There are. Beth Malone, who plays the adult Alison, said in an interview that young women sometimes waited for her at the stage door and whispered their plans for coming out, even with an unknowing parent standing a few feet away. This is why gay culture is unlikely to disappear: because there will always be young people discovering they are different from their families, several historians and sociologists said.

They also said that gay culture had a natural successor to which it is bequeathing its boundary-breaking qualities: queer culture, which questions rigid categories like male and female and gay and straight. Over the years, the relationship between the more established gay world and those who consider themselves transgender or queer has been strained at times. Some lesbians accuse transgender men of abandoning feminism, and some people who identify themselves as transgender or queer see gay men and women as too conformist.

Now one may be enabling the other, the societal discussion moving from "Is it OK for a man to marry a man?" to "Is gender as fixed as we assume?" In Northampton, Mass., a landmark lesbian community, the shift is visible on the streets. A generation ago, it was bracing to see lesbians with short haircuts strolling around, said Rachel Simmons, a writer and educator who came out in college. Recently, she recalled, she was jogging on the town bike path when a transgender man whipped by, shirt off, mastectomy scars revealed for all to see.

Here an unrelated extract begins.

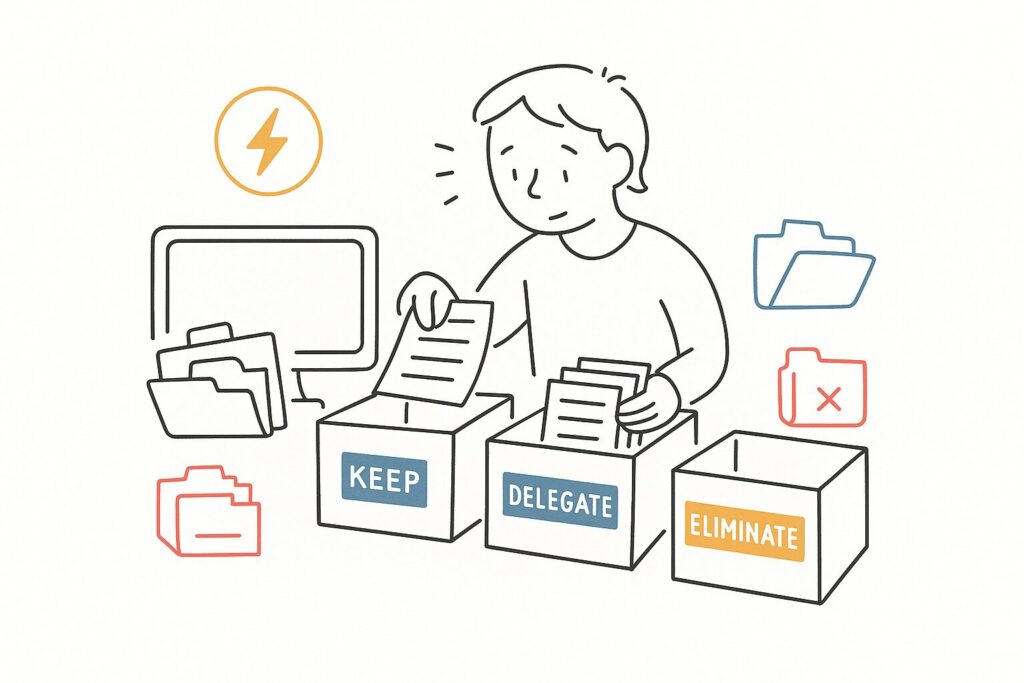 残留を選ぶ場合の最短手は、業務棚卸しです。あなたの一週間を分解し、やめる/減らす/任せる/仕組み化に再配分。可視化→交渉の順で進めます。
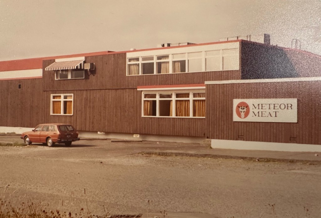 Horst worked extra (overtime) on weekends, going in for a few hours to move the frozen meat between freezers. The photo above was one of those days, as his car is the only car in the lot. I would sometimes come along to “help” move the huge palettes of frozen meat; some of these freezers were -30 degrees.

Meanwhile, in Provincetown, Mass., a longtime gay male summer capital, Sullivan continues to track what he has dubbed "the end of gay culture," which he says erodes a little more each year. Lately, he said in an interview, he has noticed that the old gay bars have become popular sites for heterosexual bachelorette parties, the women showing up in sashes and white veils.

When they do, friends tease him about the consequences of the gay marriage fight he helped ignite. "See what you asked for?" they say.